***** Provided data

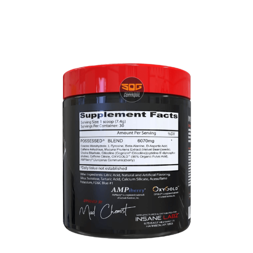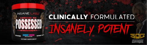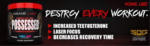 - Insane Labz Possessed es uno de los pre-entrenamientos más exclusivos del mercado. Con una dosis completa de creatina para aumentar la fuerza y la resistencia junto con Mucuna Pruriens y ácido D-aspártico para aumentar los niveles de testosterona que ayudan a desarrollar masa muscular y fuerza, Possessed marca todas las casillas que no sabías que necesitabas en un pre-entrenamiento .
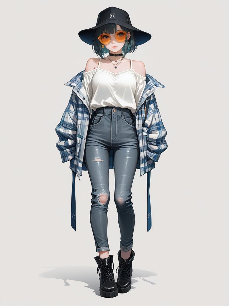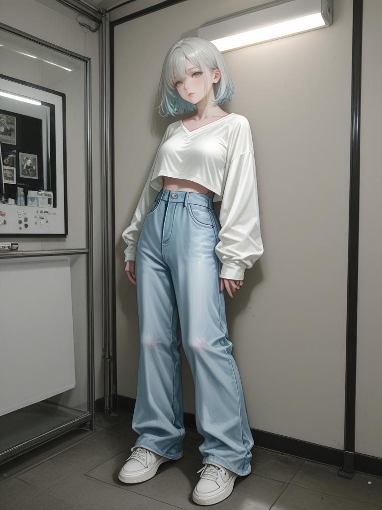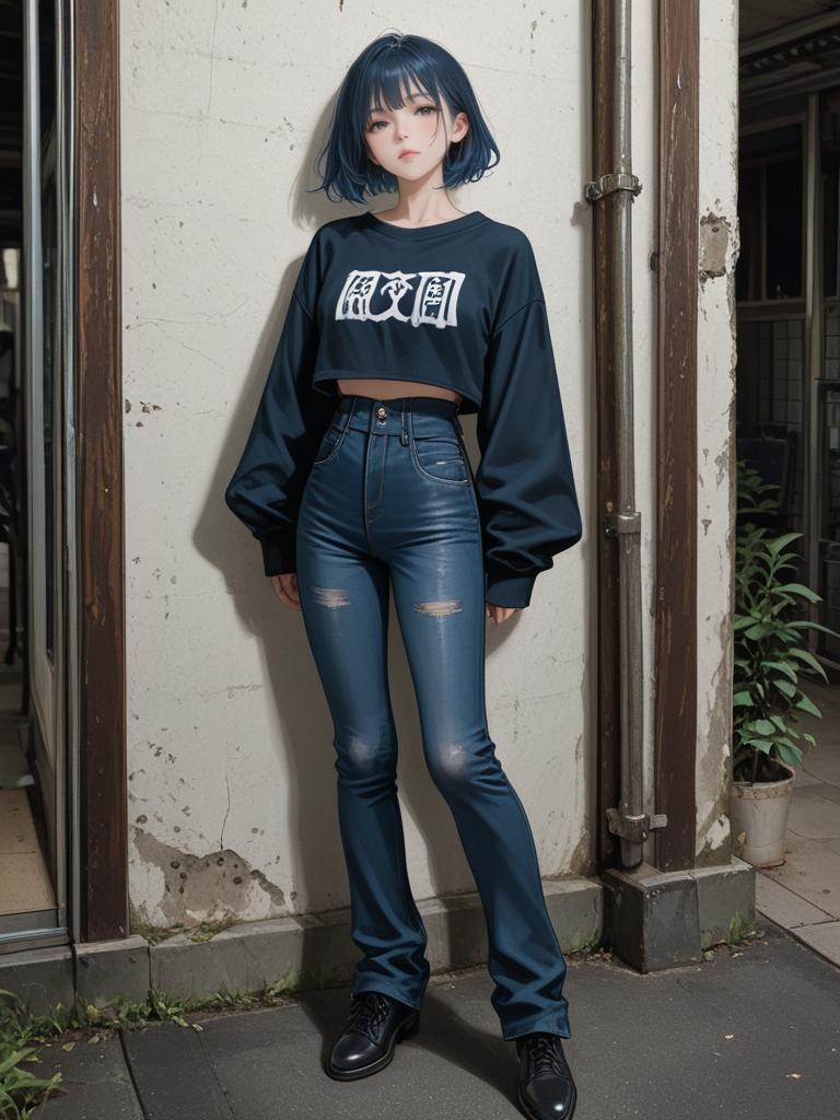 1girl, realistic face, full body shot, Woman, casual streetwear, bright orange cropped cable knit sweater, crew neck, long sleeves with ribbed cuffs, high-waisted dark blue denim cargo pants, multiple pockets, tapered leg, gold strappy high heels, studio background
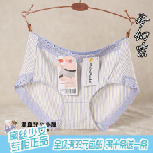 满39包邮 正品黛丝少女小清新有机棉条纹花边女士中腰三角内裤
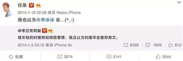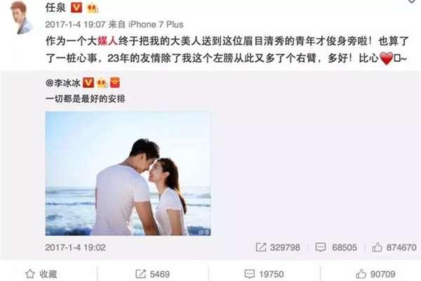 2月27日零點,任泉在微博「表白」李冰冰:不管什麼時候,我都會一直陪在你身邊。
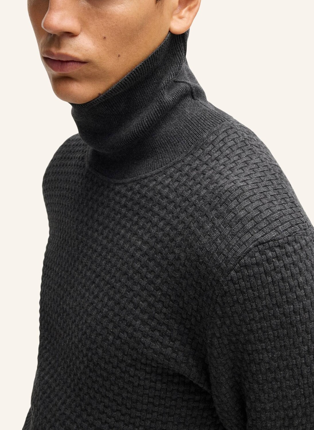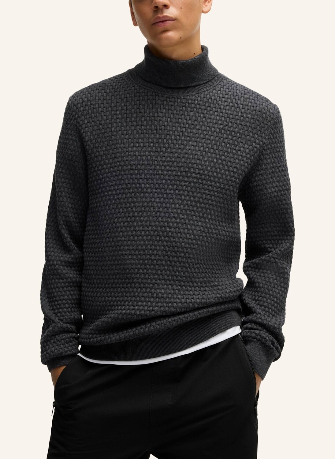 Свитер с высоким воротником HUGO Menswear идеально подходит для многослойных образов. Структурированный узор вязки придает изделию современный вид. Изготовлено из мягкой и дышащей пряжи.
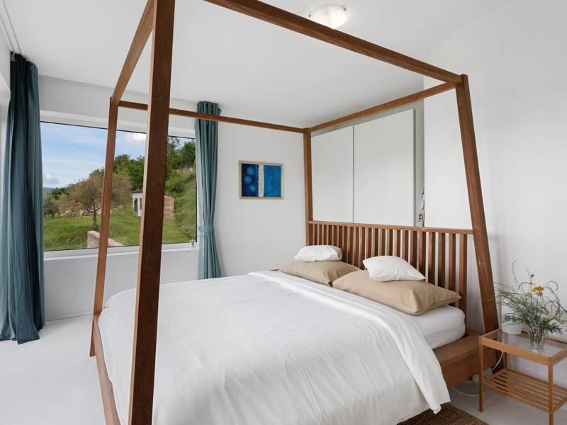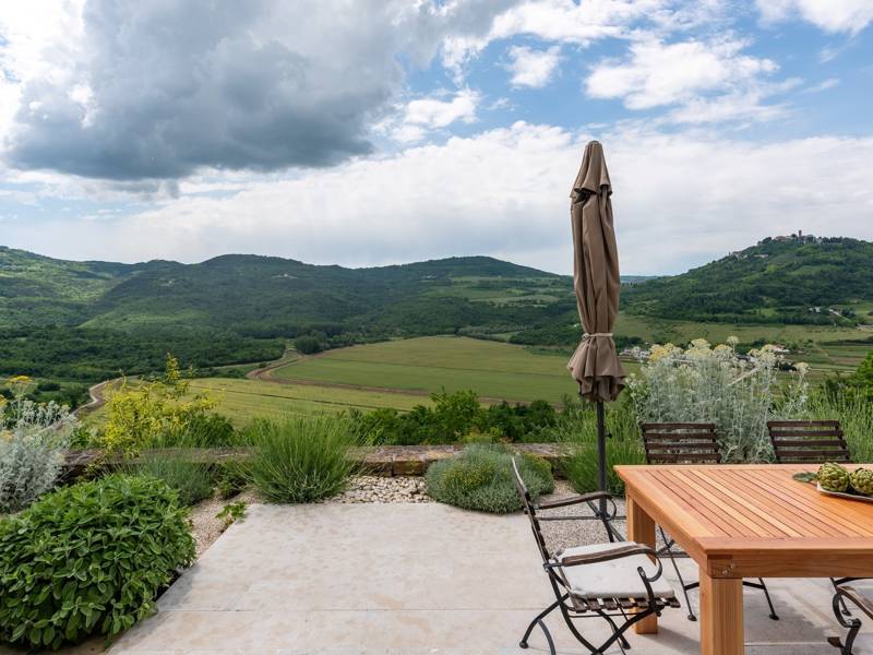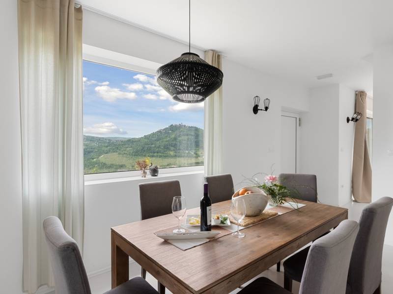 Treat yourself and your loved ones to an incredible experience of central Istria by staying in the beautiful Villa Majestic Eye located on a hill near Motovun. The villa can accommodate up to 4 + 2 people, making it the perfect choice for a small family or a group of friends looking for an escape from the city bustle.The modern interior of this fully air-conditioned villa is truly breathtaking. On the first floor of the house, you will find two beautifully decorated bedrooms with double beds and adjoined bathrooms with walk-in showers. Both bedrooms have an incredible view of the surrounding nature, which will certainly enrich your stay. On the ground floor of the villa, there is a fully equipped kitchen with a dining table. There is also a charming living room with direct access to the courtyard, for carefree evening spent in pleasant company. In the beautifully decorated courtyard of the villa, the first thing you will notice is the view of the town of Motovun, which follows you wherever you stand. A charcoal grill is available for you to prepare delicious meals that you can serve on the outdoor dining table. The highlight of the villa is the infinity pool with adjoined sunbeds, for all-day enjoyment in the warm Mediterranean sun.
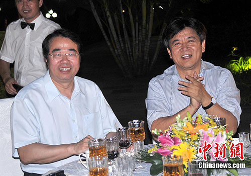 参与互动(0) 图为李金章大使(右)和许又声副主任(左)高兴地观看节目。中新社发 王明升 摄
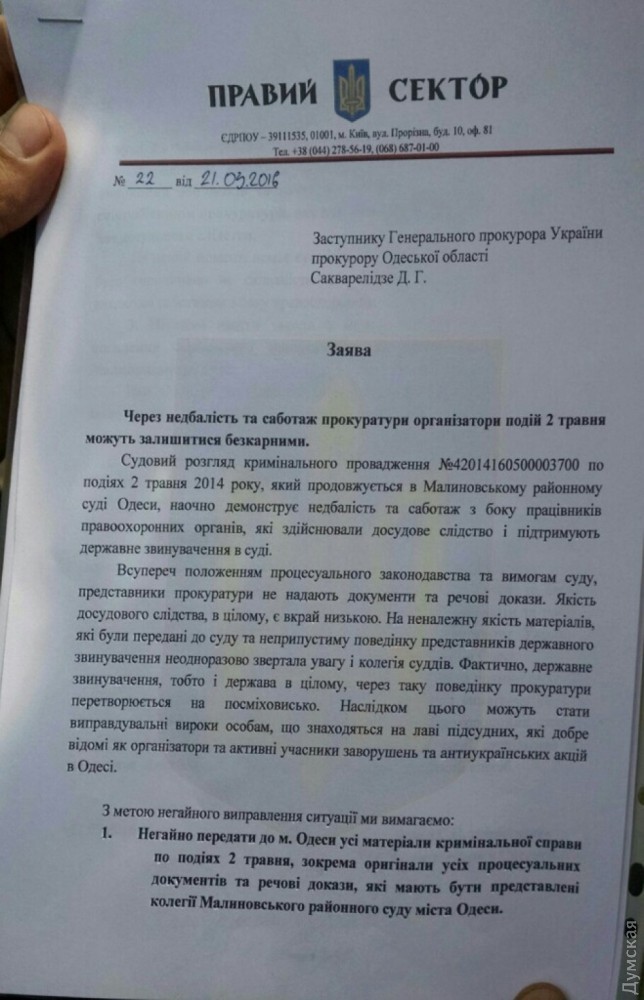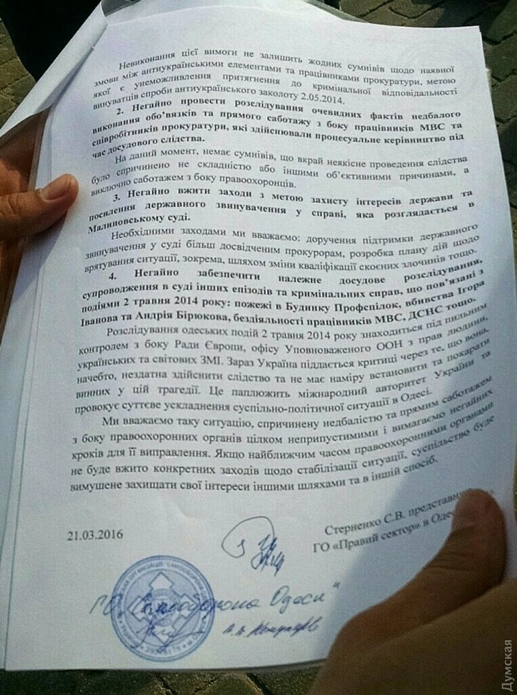 По словам инициатора пикета Сергея Стерненко, возмущение вызывает тот факт, что государственное обвинение не может предъявить доказательства вины ключевых участников событий: оригиналы документов и вещественные доказательства находятся в Киеве, и несмотря на многочисленные требования суда, в Одессу их не передают. Это может привести к оправданию подсудимых, и первый звоночек уже прозвучал — суд не стал продлевать на два месяца срок содержания под стражей для россиянина Евгения Мефедова, в отношении которого не были представлены доказательства, и в скором времени он может выйти на свободу. «Правый сектор» расценивает это как сговор и сформулировал четыре основных требований к Генеральной прокуратуре: — немедленно передать в Одессу все материалы уголовного дела, иначе бездействие прокуроров будет однозначно трактоваться как сговор с целью развала дела; — немедленно провести расследование очевидных фактов халатности и прямого саботажа со стороны сотрудников МВД и прокуратуры, которые проводили расследование; — немедленно принять меры для усиления государственного обвинения в деле — в частности, назначить более опытных прокуроров и рассмотреть вопрос об изменении квалификации (сейчас абсолютно всех фигурантов дела обвиняют в организации и участии в массовых беспорядков с тяжкими последствиями); — немедленно обеспечить надлежащее расследование других эпизодов, в частности, пожара в Доме профсоюзов, убийства Игоря Иванова и Андрея Бирюкова, бездействия работников ГСЧС и МВД, в том числе 4 мая 2014 года. К обращению «Правого сектора» присоединились и другие проукраинские организации, в том числе «Самооборона» и «Автомайдан». «Патриотические организации не допустят вынесения оправдательных приговоров, организаторы трагедии не будут ходить по одесским улицам», — заявил глава «Совета общественной безопасности» Марк Гордиенко. По его мнению, выходом из ситуации мог бы стать обмен фигурантов на украинских военных, которые находятся в плену у сепаратистов. Перечисленные в письме требования касаются в первую очередь Генеральной прокуратуры. По словам Стерненко, активисты еще на прошлой неделе предупреждали заместителя генпрокурора Сакварелидзе о готовящейся акции и просили его быть на рабочем месте в Одессе. Однако в итоге пикетчиков встретили сотрудники областной прокуратуры, которые пригласили представителей на беседу. По словам Стерненко, одесские прокуроры пытаются исправить ситуацию, но упираются в бездействие киевских коллег. В то же время было обещано приложить все силы, чтобы не допустить полного развала дела и оправдания фигурантов. Одесские активисты направят аналогичные требования исполняющему обязанности генерального прокурора Юрию Севруку. Они озабочены ситуацией и предупреждают, что она может привести к резкому ухудшению положения в городе.
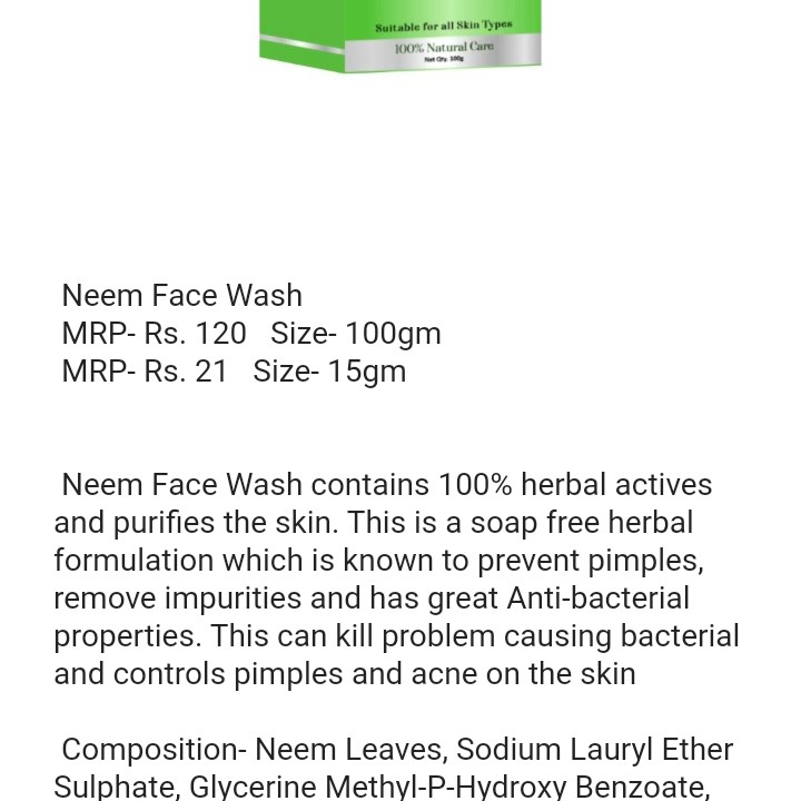KEVA Neem Face Wash 100g is specially formulated with the goodness of neem to deeply cleanse the skin and help control excess oil. Known for its antibacterial properties, neem helps fight acne-causing bacteria, prevent pimples, and keep skin healthy and refreshed.
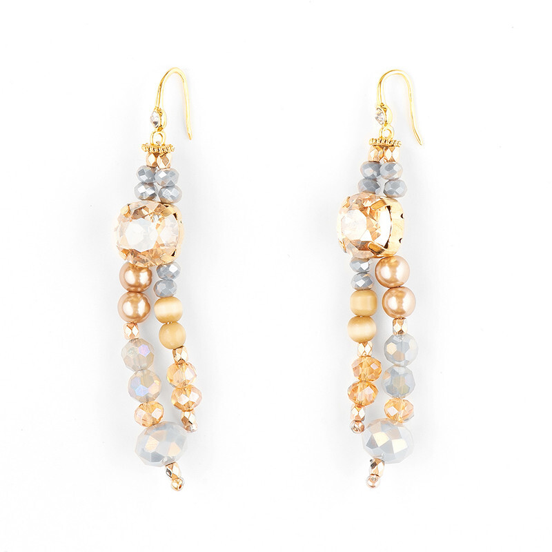 Кристаллы Preciosa, кошачий глаз, искусственный жемчуг, латунь. Гальваническое покрытие: золото.
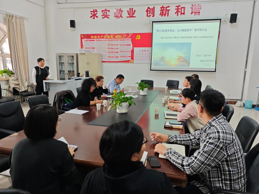 10月10日下午,蒙古學學院在崇文樓B221教室舉辦“AI賦能教學創新,共探創新路徑”專題教研活動。活動聚焦人工智能技術與專業課程的深度融合,學院副院長小花、中國少數民族語言文學專業系主任包薩如拉、教師文慧分別作專題分享,學校教學督導組專家全程參與并給予專業點評。
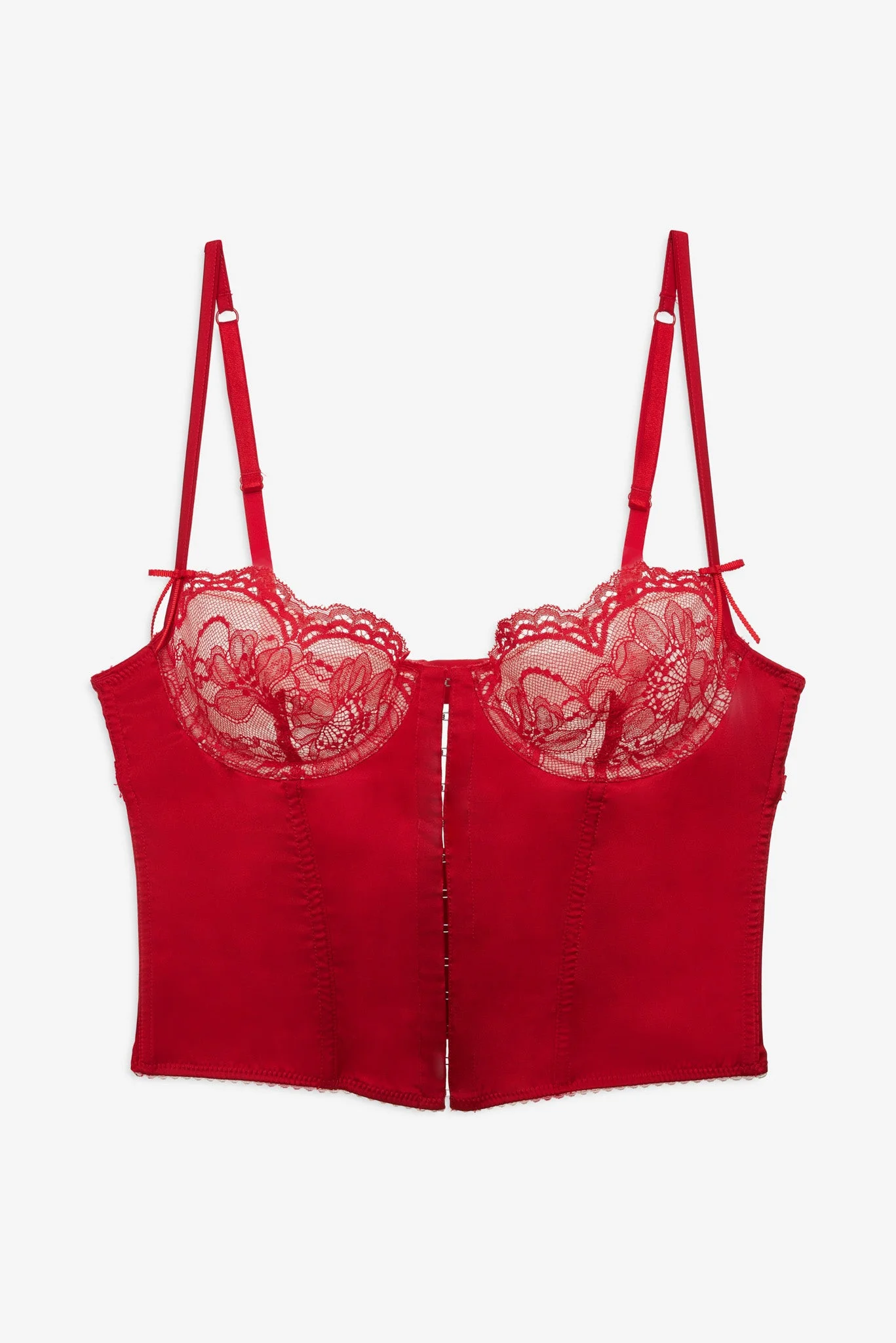 Get festive this holiday season in the Fiona red bustier—a satin and lace bustier top designed to sculpt and seduce. Featuring underwire cups, a fully boned bodice, scalloped lace trim, and delicate ribbon bows, this festive lingerie pairs with the matching Fiona Lace Thong for an unforgettable lingerie set. Style Notes - Unlined - Functional hook and eye closures at center-front - Adjustable shoulder straps - 3-row hook and eye closure Fabric + Care - Crafted in 60% polyester, 33% recycled polyester, 7% elastane - Cup is made of 93% polyamide, 7% viscose - Cup lining is made of 100% polyester - Hand wash cold - Only non-chlorine bleach - Do not wring or twist - Line dry - Do not iron - Do not dry clean
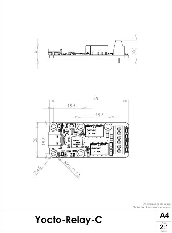Le module Yocto-Relay-C est un petit module de 45x20mm qui permet de commander des petits relais par USB. Ce relais peut commuter jusqu'à 60V DC et 2A, max 60W, ce qui permettra de commander des petits appareils basse tension en agissant directement sur leur alimentation, ou en simulant la pression d'interrupteurs. Les petites dimensions du module lui permettent d'être glissé pratiquement n'importe où, y compris à l'intérieur des appareils à commander.
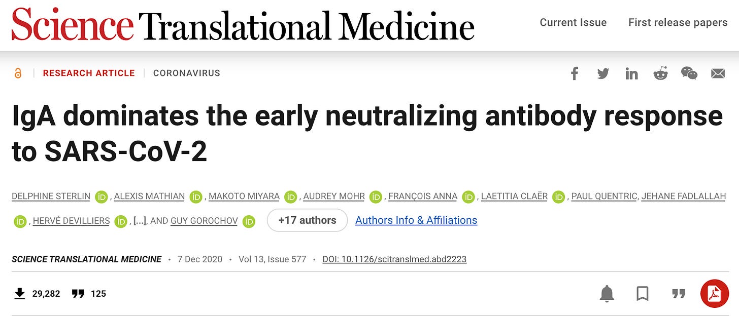 IgA能击败病毒的一个原因是,它是在呼吸道病毒大量繁殖的粘膜中产生的,是Covid中和抗体里的海军陆战队。我们了解到covid mRNA针剂不会刺激IgA的产生,这是针剂无法阻断传播和出现突破性感染的一个重要原因。⬇️

**********

Return exactly the lines of the material above, starting at the line containing "满39包邮 正品黛丝少女小清新有机棉条纹花边女士中腰三角内裤" and finishing at the line containing "Свитер с высоким", without any pictures.

 满39包邮 正品黛丝少女小清新有机棉条纹花边女士中腰三角内裤
 2月27日零點,任泉在微博「表白」李冰冰:不管什麼時候,我都會一直陪在你身邊。
 Свитер с высоким воротником HUGO Menswear идеально подходит для многослойных образов. Структурированный узор вязки придает изделию современный вид. Изготовлено из мягкой и дышащей пряжи.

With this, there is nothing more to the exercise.